A noite estava calma, uma brisa gélida atormentava aqueles que ainda estavam acordados. O chão estava molhado, tinha chovido durante a tarde.
João dormia profundamente, tapado com grossos cobertores, alheio ao frio que se fazia sentir na ruas e nas casas. João sonhava. Sonhava com algo que não conhecia. O mar. O jovem nunca tinha visto o mar. Ouvira relatos de alguns viajantes que passavam por ali. Comerciantes e cavaleiros, que falavam sobre o mar. Sobre a violência das ondas e de como estas empurravam grandes embarcações contra rochedos e os desfaziam como se se tratassem de pequenos galhos.

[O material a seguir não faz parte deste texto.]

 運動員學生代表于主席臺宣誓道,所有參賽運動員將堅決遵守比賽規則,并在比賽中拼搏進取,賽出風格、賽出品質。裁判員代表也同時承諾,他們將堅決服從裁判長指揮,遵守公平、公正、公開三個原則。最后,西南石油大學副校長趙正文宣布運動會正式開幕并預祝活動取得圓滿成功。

João estava sobre um desses grandes navios. Corria de um lado para o outro desviando-se dos marinheiros mal humorados. Corria, saltava e balançava-se nas inúmeras cordas que pendiam dos altos mastros que seguravam as velas. O mar ondulava suavemente debaixo do navio. Este, uma caravela de três mastros, com grandes e luminosas velas brancas rumava para sul. João sabia-o devido à posição do Sol. Era algo que tinha aprendido com o seu pai. João viu-se sentado na borda do barco, olhando com atenção a água que ondulava debaixo dos seus pés e então...
...caiu ao mar...
... e acordou sobressaltado. Sentou-se na cama, olhando em volta, estava todo destapado. A emoção do sonho, o movimento, a excitação fizeram-no libertar-se dos cobertores que o aqueciam. Os seus pensamentos voaram novamente até ao sonho que tivera. Porque estaria ele sonhar com o mar, como conseguia ele ter um sonho tão nítido do mar que nunca vira. Voltou a deitar-se. Fechou os olhos na esperança de voltar ao barco e poder ver novamente o mar, sentir o vento que soprava daquelas águas frescas e ondulantes e acarretava um imenso cheiro a sal. João voltou a cair no sono e a sua mente voltou a sonhar.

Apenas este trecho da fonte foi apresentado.